• [Try it]: What is needed is an exact copy of the data below, pictures excluded.

• [Given records]:
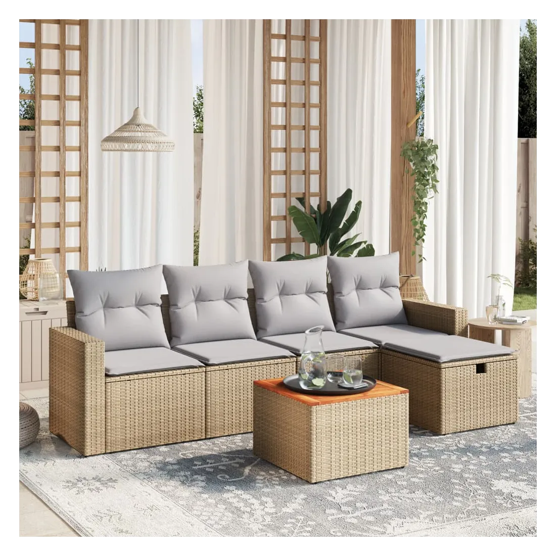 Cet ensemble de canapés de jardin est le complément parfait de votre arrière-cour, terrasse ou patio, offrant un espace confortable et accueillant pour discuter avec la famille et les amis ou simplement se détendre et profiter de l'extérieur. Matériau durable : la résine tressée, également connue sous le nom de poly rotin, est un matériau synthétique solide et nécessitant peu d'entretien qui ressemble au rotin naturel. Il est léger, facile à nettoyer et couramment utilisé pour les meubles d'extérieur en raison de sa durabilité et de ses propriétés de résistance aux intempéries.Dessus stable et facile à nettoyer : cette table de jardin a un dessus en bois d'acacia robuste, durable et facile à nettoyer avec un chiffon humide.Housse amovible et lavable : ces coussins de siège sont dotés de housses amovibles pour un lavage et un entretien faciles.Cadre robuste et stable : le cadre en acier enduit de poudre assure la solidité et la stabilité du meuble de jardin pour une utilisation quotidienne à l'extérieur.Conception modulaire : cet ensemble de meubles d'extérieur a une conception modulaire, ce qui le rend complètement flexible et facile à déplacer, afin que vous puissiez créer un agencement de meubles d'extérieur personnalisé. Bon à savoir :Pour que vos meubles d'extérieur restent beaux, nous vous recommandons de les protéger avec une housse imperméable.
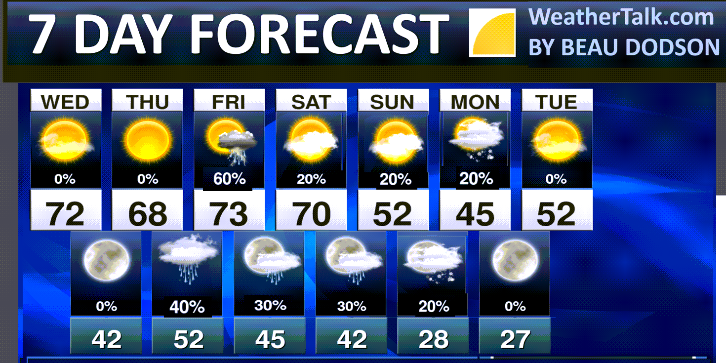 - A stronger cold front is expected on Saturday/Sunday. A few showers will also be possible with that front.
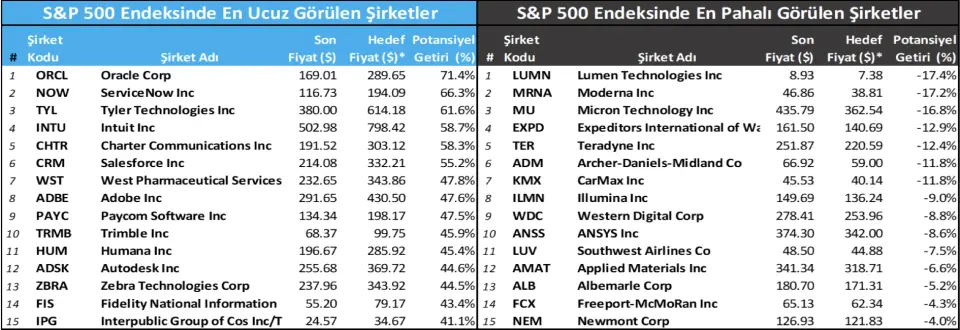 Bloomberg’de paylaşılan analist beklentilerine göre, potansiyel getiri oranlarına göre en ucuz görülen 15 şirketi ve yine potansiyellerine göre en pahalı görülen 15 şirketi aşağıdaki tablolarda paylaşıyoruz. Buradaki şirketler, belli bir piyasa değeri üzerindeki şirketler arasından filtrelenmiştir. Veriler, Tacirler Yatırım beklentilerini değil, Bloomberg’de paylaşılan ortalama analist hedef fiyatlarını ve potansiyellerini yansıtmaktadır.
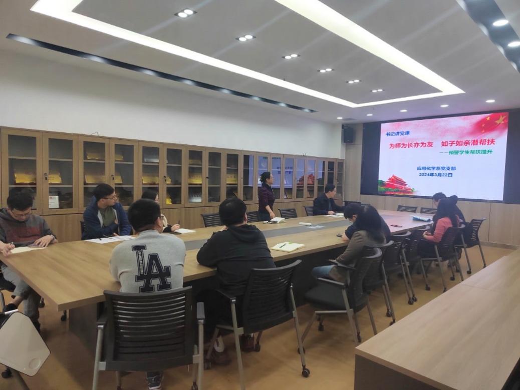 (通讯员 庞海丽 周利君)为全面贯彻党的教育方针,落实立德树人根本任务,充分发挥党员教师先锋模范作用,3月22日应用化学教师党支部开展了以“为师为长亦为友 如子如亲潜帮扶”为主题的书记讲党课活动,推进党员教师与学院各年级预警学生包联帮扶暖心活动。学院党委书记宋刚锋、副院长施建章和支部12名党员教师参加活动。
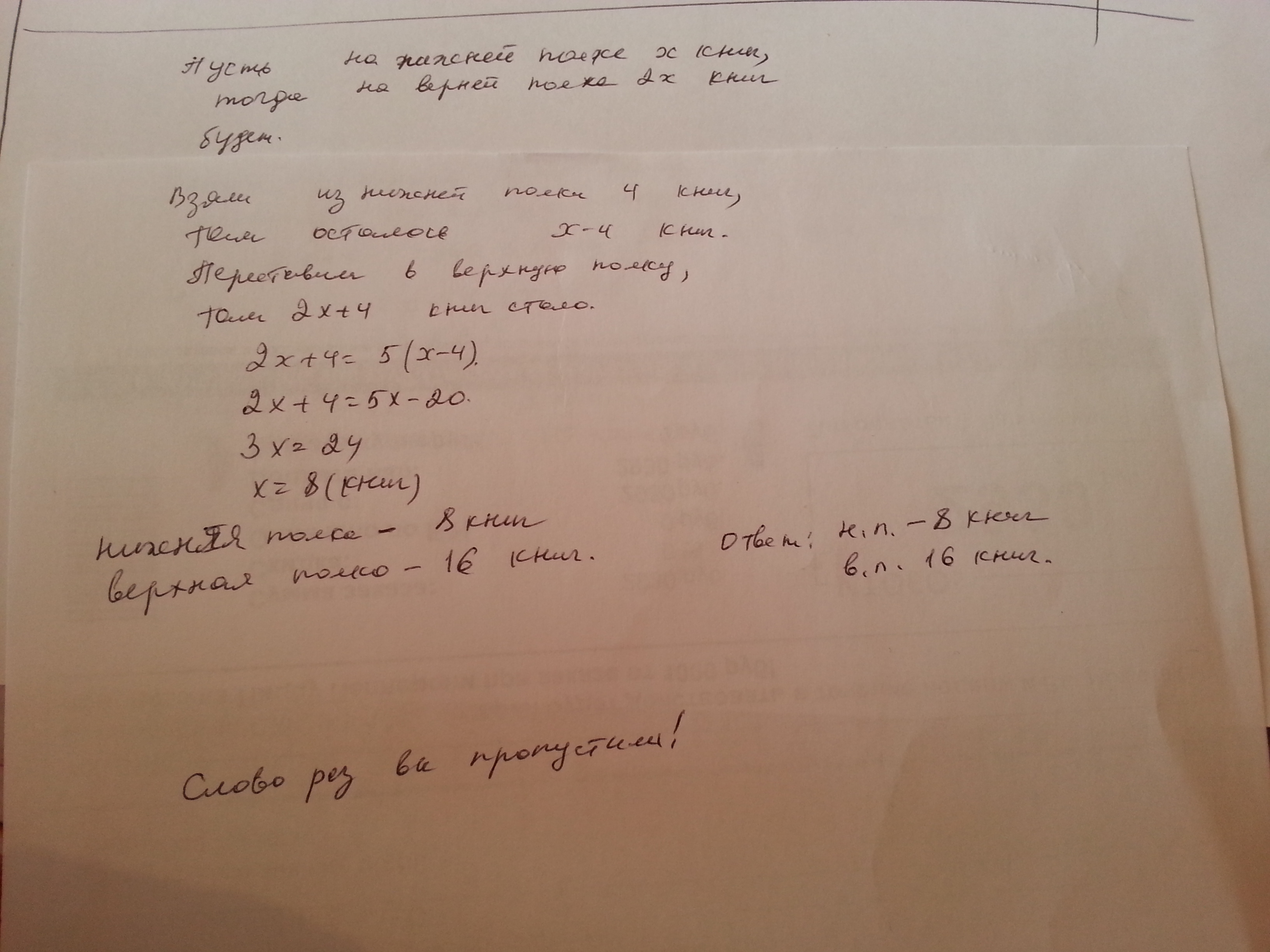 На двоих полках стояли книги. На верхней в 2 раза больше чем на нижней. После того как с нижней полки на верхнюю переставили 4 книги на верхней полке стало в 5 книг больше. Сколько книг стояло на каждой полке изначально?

• [Reply to the exercise]:
 Cet ensemble de canapés de jardin est le complément parfait de votre arrière-cour, terrasse ou patio, offrant un espace confortable et accueillant pour discuter avec la famille et les amis ou simplement se détendre et profiter de l'extérieur. Matériau durable : la résine tressée, également connue sous le nom de poly rotin, est un matériau synthétique solide et nécessitant peu d'entretien qui ressemble au rotin naturel. Il est léger, facile à nettoyer et couramment utilisé pour les meubles d'extérieur en raison de sa durabilité et de ses propriétés de résistance aux intempéries.Dessus stable et facile à nettoyer : cette table de jardin a un dessus en bois d'acacia robuste, durable et facile à nettoyer avec un chiffon humide.Housse amovible et lavable : ces coussins de siège sont dotés de housses amovibles pour un lavage et un entretien faciles.Cadre robuste et stable : le cadre en acier enduit de poudre assure la solidité et la stabilité du meuble de jardin pour une utilisation quotidienne à l'extérieur.Conception modulaire : cet ensemble de meubles d'extérieur a une conception modulaire, ce qui le rend complètement flexible et facile à déplacer, afin que vous puissiez créer un agencement de meubles d'extérieur personnalisé. Bon à savoir :Pour que vos meubles d'extérieur restent beaux, nous vous recommandons de les protéger avec une housse imperméable.
 - A stronger cold front is expected on Saturday/Sunday. A few showers will also be possible with that front.
 Bloomberg’de paylaşılan analist beklentilerine göre, potansiyel getiri oranlarına göre en ucuz görülen 15 şirketi ve yine potansiyellerine göre en pahalı görülen 15 şirketi aşağıdaki tablolarda paylaşıyoruz. Buradaki şirketler, belli bir piyasa değeri üzerindeki şirketler arasından filtrelenmiştir. Veriler, Tacirler Yatırım beklentilerini değil, Bloomberg’de paylaşılan ortalama analist hedef fiyatlarını ve potansiyellerini yansıtmaktadır.
 (通讯员 庞海丽 周利君)为全面贯彻党的教育方针,落实立德树人根本任务,充分发挥党员教师先锋模范作用,3月22日应用化学教师党支部开展了以“为师为长亦为友 如子如亲潜帮扶”为主题的书记讲党课活动,推进党员教师与学院各年级预警学生包联帮扶暖心活动。学院党委书记宋刚锋、副院长施建章和支部12名党员教师参加活动。
 На двоих полках стояли книги. На верхней в 2 раза больше чем на нижней. После того как с нижней полки на верхнюю переставили 4 книги на верхней полке стало в 5 книг больше. Сколько книг стояло на каждой полке изначально?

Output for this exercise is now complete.